A low attitude towards programming-related competencies can cause deficiencies in the effective acquisition of programming knowledge. Students' programming performance can be increased if they use methods and techniques that improve their own skills and improve their attitudes and self-efficacy towards programming. First of all, the successful solution of tasks that provide practical knowledge can give you the confidence that can have a positive effect on self-efficacy and attitudes.

The results show that practice-oriented programming knowledge increases participants' attitudes towards programming and programming self-efficacy. The practice-oriented tasks of the programming steps can arouse the curiosity of the students, which can make the programming process, which requires complicated and complex skills, easier and more interesting. All these factors could have improved the students' attitude towards programming. Based on the students' feedback, the practical activities help in understanding the programming paradigms, promote the transparency of the algorithmization process and the development of these skills, which positively affects their opinion of their programming self-efficacy.
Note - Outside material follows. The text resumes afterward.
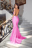 Unveil your inner goddess in the enchanting Portia and Scarlett PS23499 dress. This exquisitely crafted gown is a testament to impeccable craftsmanship, designed to accentuate your figure with its tailored lines. The sweetheart neckline features delicate scalloped edges, adorned with a mesmerizing beaded spectacle. Graceful spaghetti straps cascade down the bodice, leading to a captivating backless design adorned with shimmering embellishments. The mermaid skirt effortlessly sculpts your silhouette, flaring out into a breathtaking sweeping train. Choose from a palette of enchanting colors, including Blue Cobalt, Emerald, and Pink, to match your personal style. Prepare to be awestruck by the exquisite elegance of this Portia and Scarlett masterpiece, a true embodiment of timeless beauty.

The research presented in the article proves that attitudes related to programming can be influenced in a positive direction both in the case of those with stronger, but even more so in the case of those with weaker attitudes.

Therefore, the results of the survey will be useful for universities to understand students' confidence in programming and introduce interventions in the curriculum accordingly. In the future, we would like to use the results of the study with the competence map of curricula and subjects related to the field of IT training and in the further development of modern digital methodological possibilities. The feedback provided in the article may be important in the future in the development of both teacher and student attitudes. These results of the survey will be useful for students to reflect on their abilities, as this survey can be used for self-reflection.